Source material:

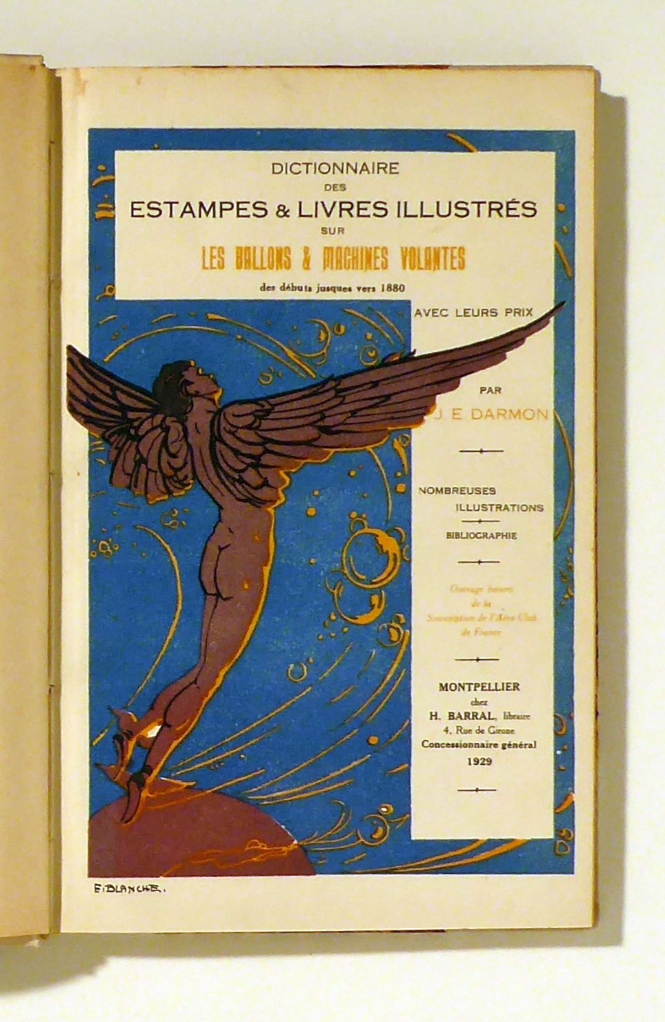 Montpellier: Barral, 1929. 129, (4) S., 4 Bll., mit farbigem Deckelblatt nach E. Blanche sowie zahlreichen, teilweise kolorierten Illustrationen auf Tafeln und im Text. Einband: Halbpergament. Format: gr.8°. Nummerierte Ausgabe, Exemplar 143 (von 1000) auf Velin Bouflant.- Bibliographischer Katalog früherer Aviatik, insbesondere Ballone und Flugdrachen, mit Handelspreisen. Die Illustrationen datieren zumeist aus dem späten 18. Jahrhundert
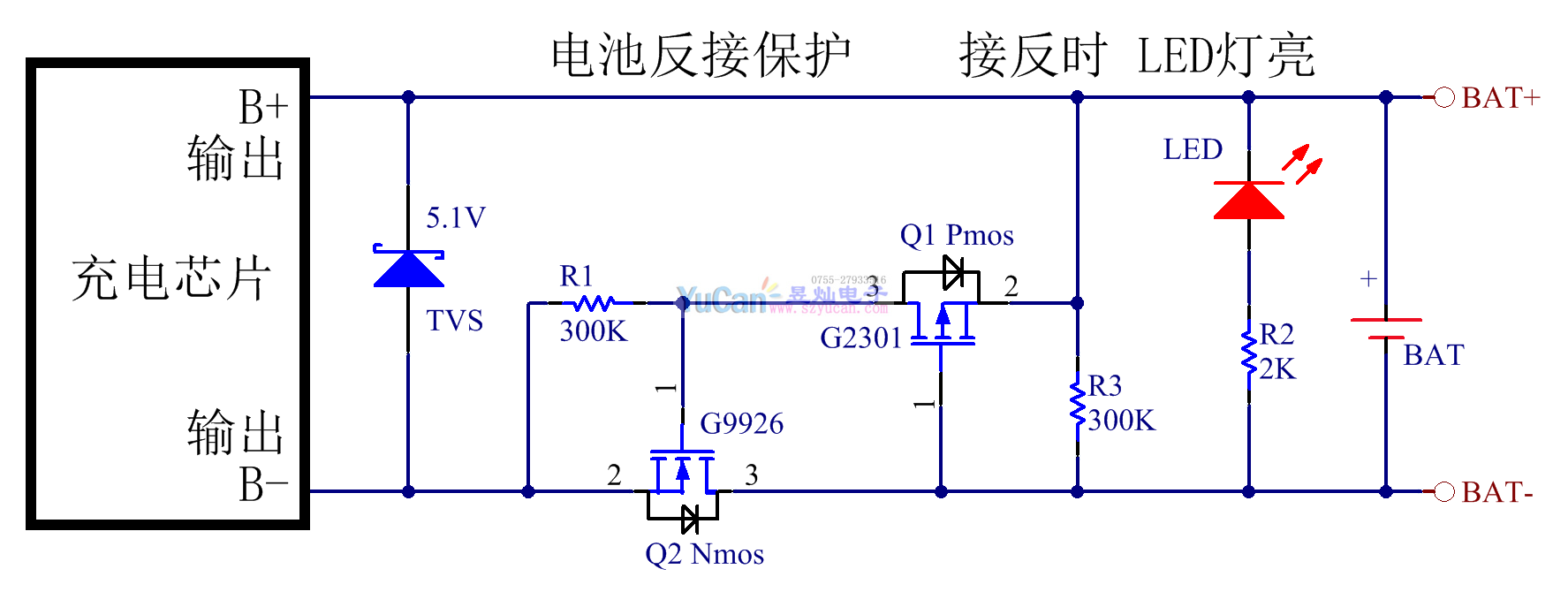 2:電池接反,Pmos柵極正壓降,Pmos截止,Nmos柵極被R1拉低,Nmos截止,LED上負(fù)下正點(diǎn)亮提示電池反接 ,如不需要提示指示燈可以去掉。
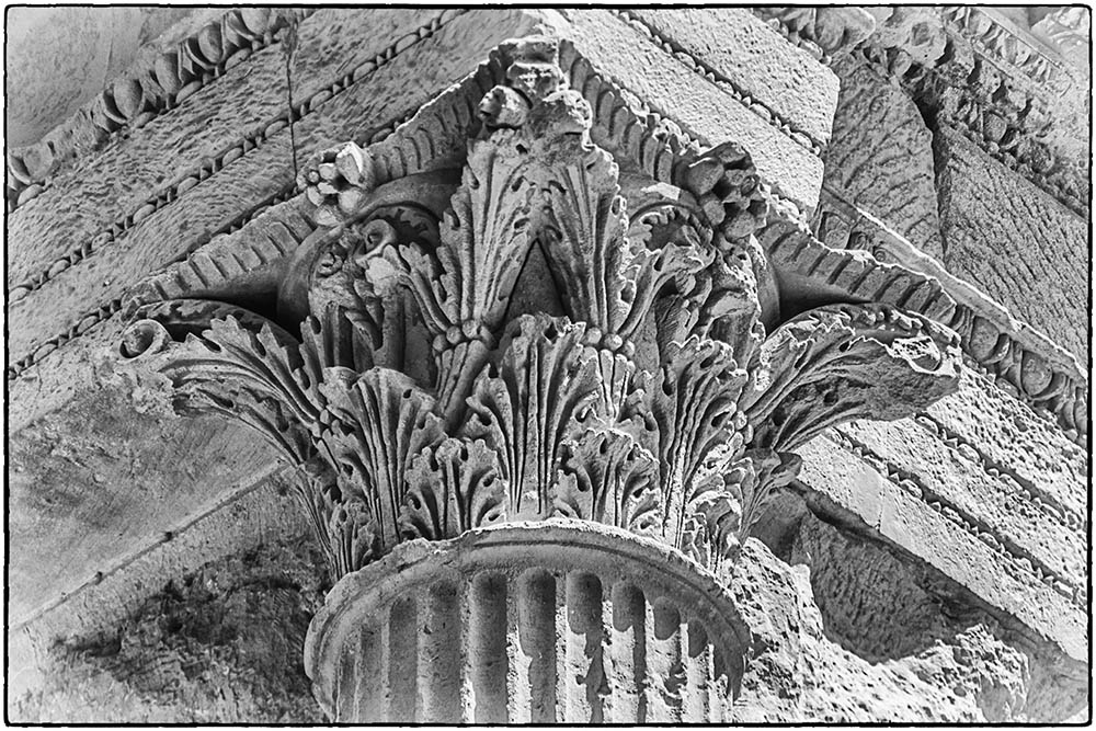 El arco de triunfo de Orange es uno de los mejores conservados de todo el territorio del imperio romano. Construido en piedra caliza sin mortero, es obra del siglo I. Aquí se muestra uno de los capiteles de las semicolumnas que lo decoran. Es de orden corintio. Conversión del original a B/N y adición de mayor contraste
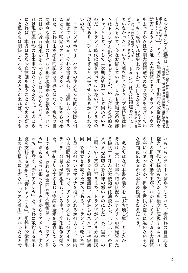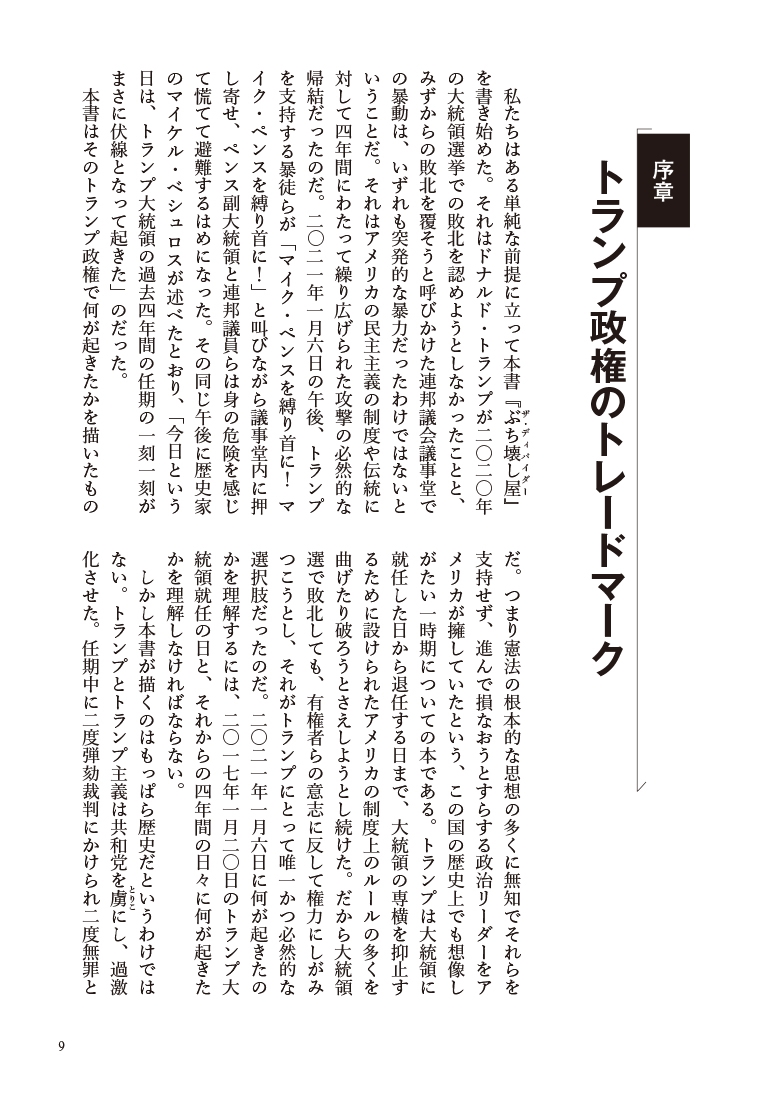 2021年1月6日の連邦議会議事堂襲撃事件は、単なる異常な出来事ではなく、ドナルド・トランプが4年間にわたって繰り広げた、ワシントンに対するルールなき戦いの必然的なクライマックスだった──。本書は、歴代大統領を取材し続けてきたホワイトハウス主任記者が、300に及ぶ独占インタビューのほかプライベートな日記やメモ、メールなどの一次資料に基づいて、混乱に満ちた始まりから暴力的な結末に至るまでのトランプ政権のすべてを網羅し、その内情を詳細に描き出した決定版である。

Your goal: What you print must be exactly the lines from the one containing "El arco de triunfo" through the last line of the material, and no pictures.

Solved problem:
 El arco de triunfo de Orange es uno de los mejores conservados de todo el territorio del imperio romano. Construido en piedra caliza sin mortero, es obra del siglo I. Aquí se muestra uno de los capiteles de las semicolumnas que lo decoran. Es de orden corintio. Conversión del original a B/N y adición de mayor contraste
 2021年1月6日の連邦議会議事堂襲撃事件は、単なる異常な出来事ではなく、ドナルド・トランプが4年間にわたって繰り広げた、ワシントンに対するルールなき戦いの必然的なクライマックスだった──。本書は、歴代大統領を取材し続けてきたホワイトハウス主任記者が、300に及ぶ独占インタビューのほかプライベートな日記やメモ、メールなどの一次資料に基づいて、混乱に満ちた始まりから暴力的な結末に至るまでのトランプ政権のすべてを網羅し、その内情を詳細に描き出した決定版である。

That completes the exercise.